WORK TO BE COMPLETED. Retype the listing below line for line, but only from the line with "Este modelo permite" down to the line with "Glass Crystal Double", inclusive. Pictures stay out.

*** DATA BELOW Section Begins ***

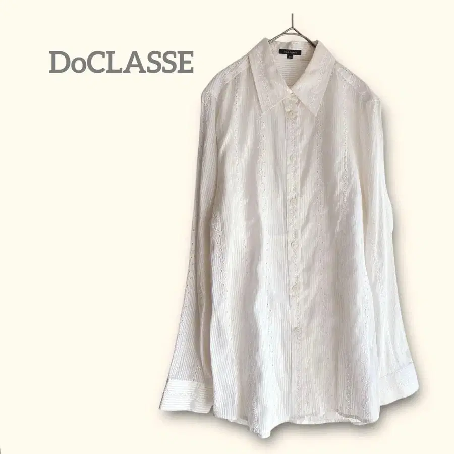 두클라쎄 [13] 긴팔 셔츠 아이렛 레이스 스트라이프 화이트 광택 비침
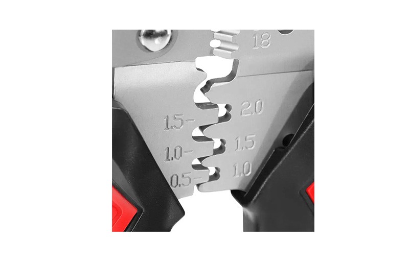 Este modelo permite pelar cables hasta Ø 2.0 mm, cortar cables y alambres hasta Ø 16 mm, y crimpar terminales hasta 2.0 mm², convirtiéndose en una herramienta indispensable para labores de electricidad, montaje de componentes, reparación electrónica y tareas de mantenimiento.
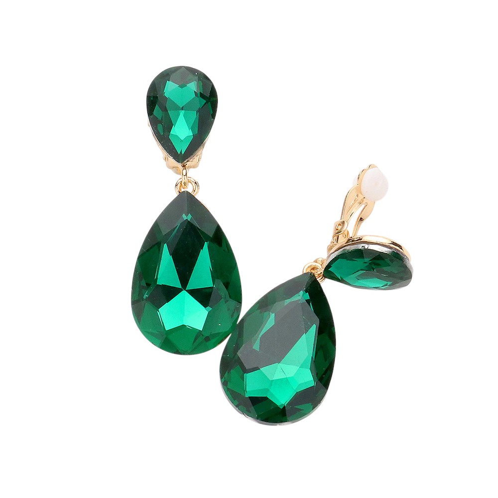 Glass Crystal Double Teardrop Clip on Evening Earrings
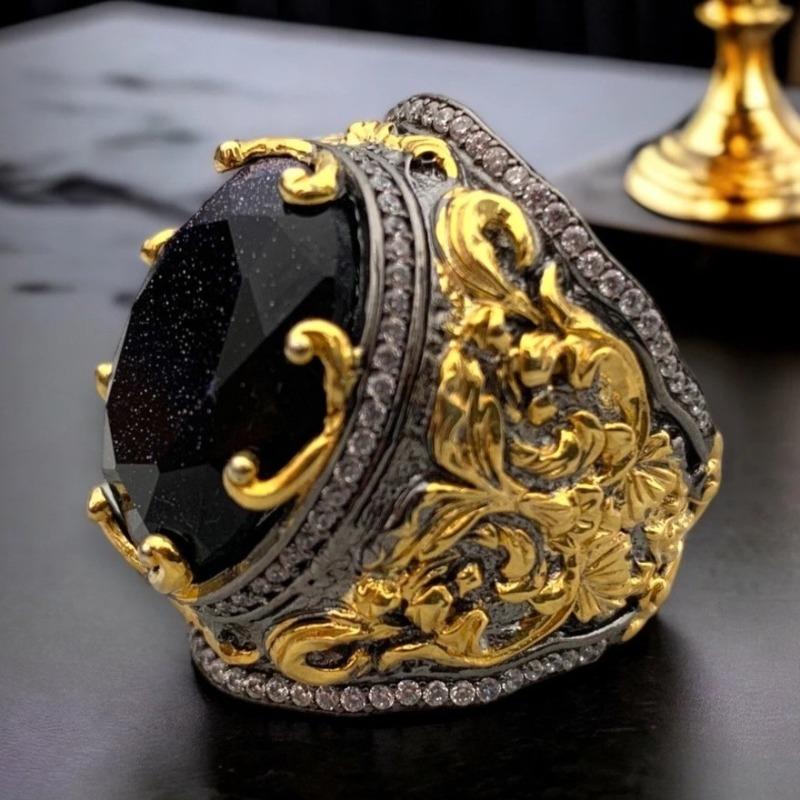 A Men's Egg-shaped Aquamarine Hip-hop Engraved Retro Pattern Ring

*** DATA BELOW Section Ends ***

COMPLETED EXERCISE.
 Este modelo permite pelar cables hasta Ø 2.0 mm, cortar cables y alambres hasta Ø 16 mm, y crimpar terminales hasta 2.0 mm², convirtiéndose en una herramienta indispensable para labores de electricidad, montaje de componentes, reparación electrónica y tareas de mantenimiento.
 Glass Crystal Double Teardrop Clip on Evening Earrings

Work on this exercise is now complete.